═════ Extracted data ═════

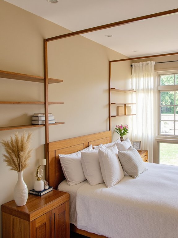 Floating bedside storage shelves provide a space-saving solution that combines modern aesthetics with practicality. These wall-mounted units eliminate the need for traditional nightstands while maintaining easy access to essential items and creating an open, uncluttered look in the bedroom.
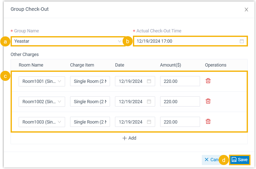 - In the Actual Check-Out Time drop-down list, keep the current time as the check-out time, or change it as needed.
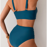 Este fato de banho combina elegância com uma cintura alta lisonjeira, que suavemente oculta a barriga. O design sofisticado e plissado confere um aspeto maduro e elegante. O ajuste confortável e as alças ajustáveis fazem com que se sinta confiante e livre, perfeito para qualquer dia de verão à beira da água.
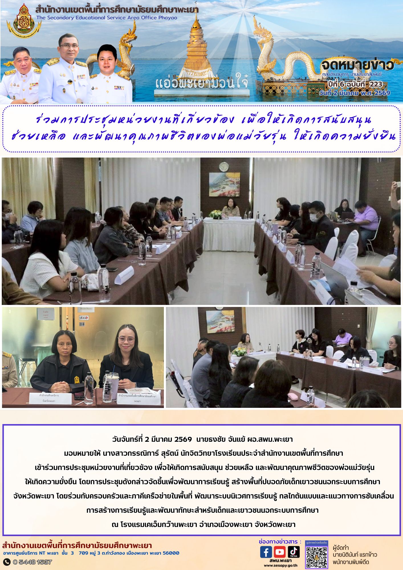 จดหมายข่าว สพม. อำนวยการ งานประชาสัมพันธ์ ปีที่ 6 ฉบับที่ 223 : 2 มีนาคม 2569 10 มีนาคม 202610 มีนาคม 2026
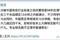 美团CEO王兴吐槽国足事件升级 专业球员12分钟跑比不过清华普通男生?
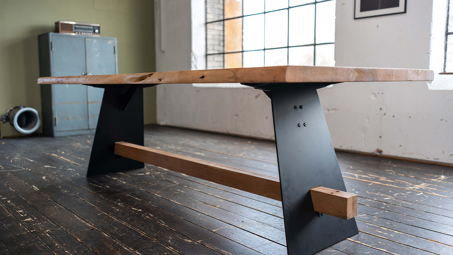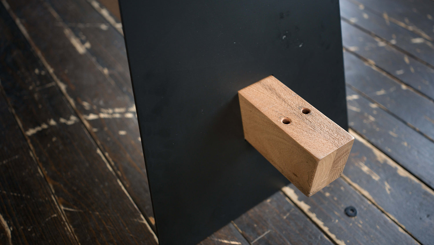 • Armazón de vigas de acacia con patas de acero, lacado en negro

═════
═════ Extracted data ═════

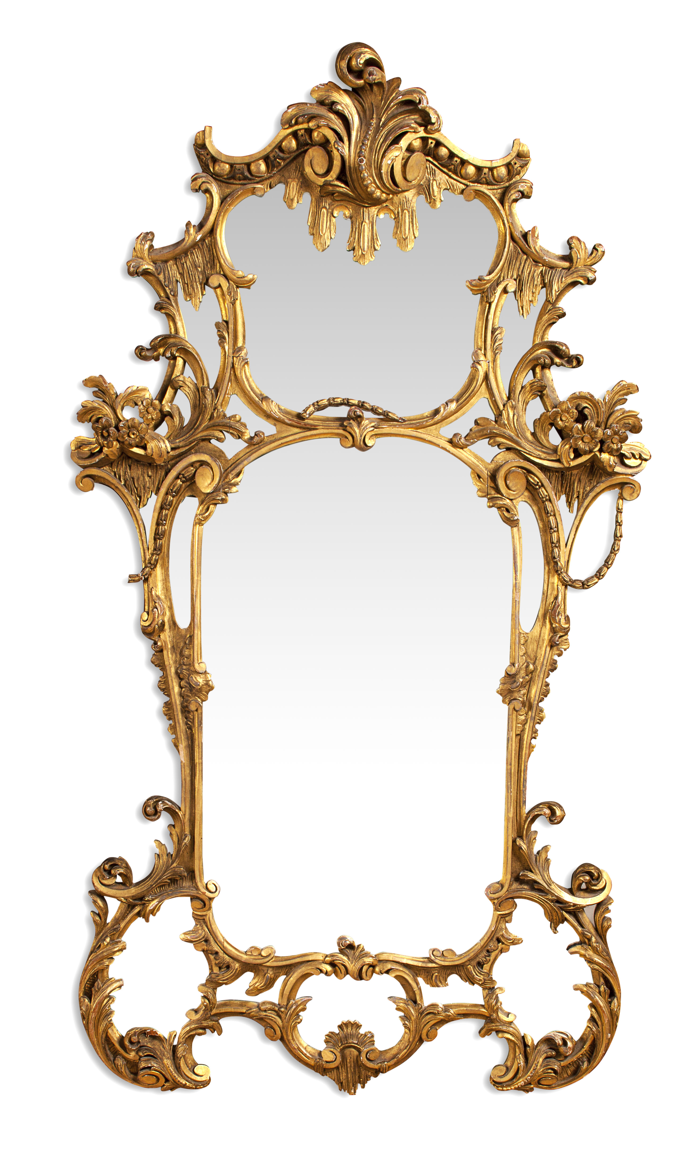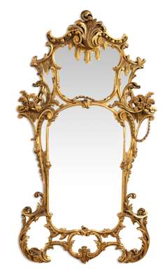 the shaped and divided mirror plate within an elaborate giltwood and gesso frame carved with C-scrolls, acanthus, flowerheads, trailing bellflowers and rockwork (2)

═════
═════ Extracted data ═════

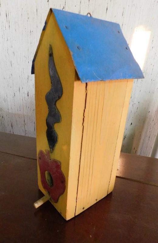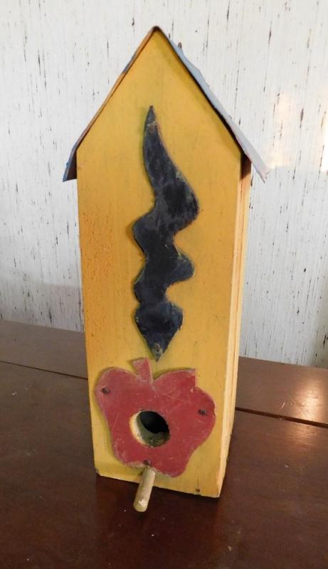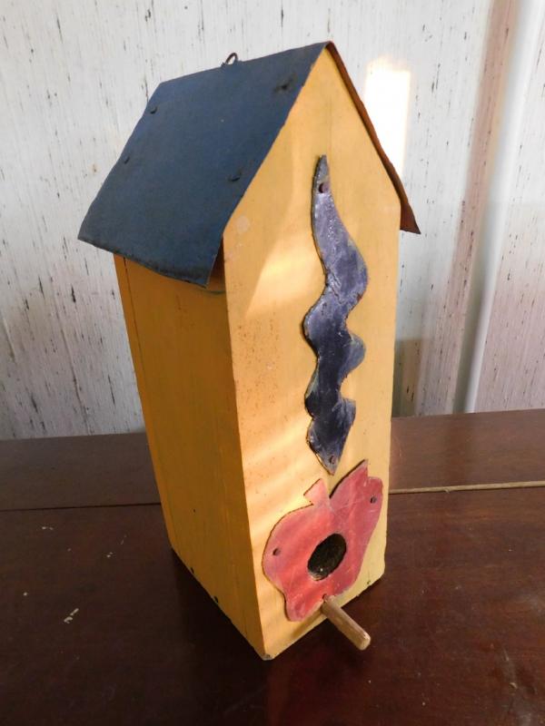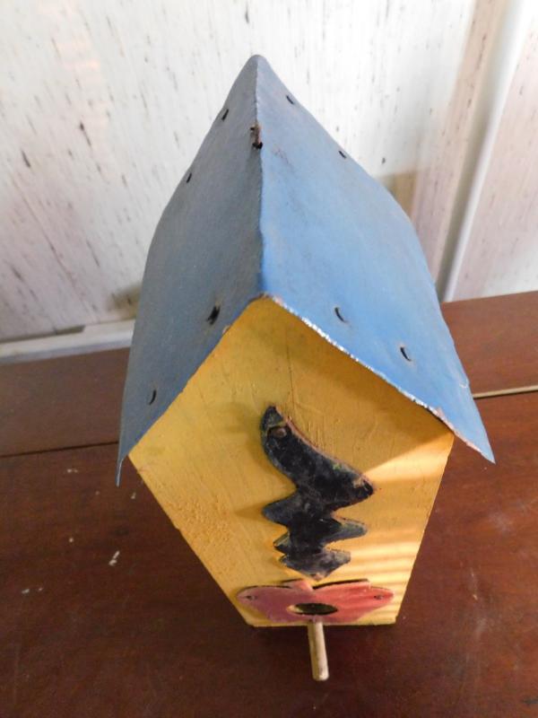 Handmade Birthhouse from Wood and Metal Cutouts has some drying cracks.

═════

▶ _Exercise description_: Write back word for word every line in the entries above from the one with "美团CEO王兴吐槽国足事件升级 专业球员12分钟跑比不过清华普通男生?" to the one with "lacado en negro", ends included, and none of the pictures.

▶ _Answer box_:
 美团CEO王兴吐槽国足事件升级 专业球员12分钟跑比不过清华普通男生?
 • Armazón de vigas de acacia con patas de acero, lacado en negro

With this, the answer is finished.